Where do Maintenance Professionals come
from?
www.machineryreliability.com
Posted 7-18-05
Not long ago, the maintenance manager of a world-scale petrochemical
plant located off shore sent us a distress message. He detailed
the long-term effects of “reengineering” by blindly
downsizing the reliability assurance and improvement function
in a number of modern plants.
“We are continuously plagued with problems associated
with plant rotating equipment and turbomachinery,” he
wrote. “The quality of maintenance on our rotating equipment
has deteriorated to the point where we suffered severe losses,
including fatalities … To this end, I am seeking assistance,
support, and guidance in how I should proceed.”
This manager deserves considerable credit for recognizing
the seriousness of the situation and asking for help.
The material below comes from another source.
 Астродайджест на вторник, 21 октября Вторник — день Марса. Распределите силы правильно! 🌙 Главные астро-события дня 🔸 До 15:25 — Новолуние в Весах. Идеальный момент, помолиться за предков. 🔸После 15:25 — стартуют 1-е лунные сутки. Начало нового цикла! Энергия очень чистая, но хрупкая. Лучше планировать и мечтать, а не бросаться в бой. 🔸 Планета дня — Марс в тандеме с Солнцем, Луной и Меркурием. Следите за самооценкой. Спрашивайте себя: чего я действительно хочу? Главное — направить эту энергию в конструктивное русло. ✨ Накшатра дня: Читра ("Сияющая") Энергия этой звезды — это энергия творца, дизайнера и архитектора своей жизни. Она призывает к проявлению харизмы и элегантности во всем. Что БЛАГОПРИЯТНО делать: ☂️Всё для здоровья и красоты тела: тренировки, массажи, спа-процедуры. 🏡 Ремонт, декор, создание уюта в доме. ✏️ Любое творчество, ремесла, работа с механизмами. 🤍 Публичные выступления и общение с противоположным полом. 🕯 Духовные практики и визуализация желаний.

Encouraged
by our quick response, he sent additional details. He candidly
outlined what went wrong, his current competency gap, and
how he planned to recover, suggesting the following:
- Carry out an audit of his maintenance systems, procedures,
and personnel specific to rotating equipment maintenance.
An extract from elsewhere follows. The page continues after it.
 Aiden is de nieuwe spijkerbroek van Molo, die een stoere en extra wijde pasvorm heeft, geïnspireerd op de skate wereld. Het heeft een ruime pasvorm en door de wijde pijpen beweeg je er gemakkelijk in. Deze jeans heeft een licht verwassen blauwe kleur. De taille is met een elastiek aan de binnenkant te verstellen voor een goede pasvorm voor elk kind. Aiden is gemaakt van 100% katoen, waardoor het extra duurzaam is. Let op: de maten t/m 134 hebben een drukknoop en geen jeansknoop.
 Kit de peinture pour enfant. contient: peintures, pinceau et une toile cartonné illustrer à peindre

- Set up a team of professionals and experts to work with
him for an initial period of 6 months.
- Provide consulting support and follow-up service for
some period thereafter.
He continued by highlighting the overall purpose of the
team—“to complement the existing maintenance team
by injecting professionalism, quality, experience, and expertise”
in the following disciplines: rotating equipment maintenance,
electrical and instrument maintenance, maintenance supervision,
and maintenance planning.
For members of the rotating equipment team, he specified:
- 10 to 15 years of hands-on experience in maintaining and
overhauling rotating equipment, including general purpose
steam turbines, high speed/high horsepower turbomachinery,
pumps, compressors, blowers, gearboxes, lubrication systems,
bearing maintenance, mechanical seals, alignment, and leak
repairs.
- Mechanical engineering technician diploma as a minimum
requirement.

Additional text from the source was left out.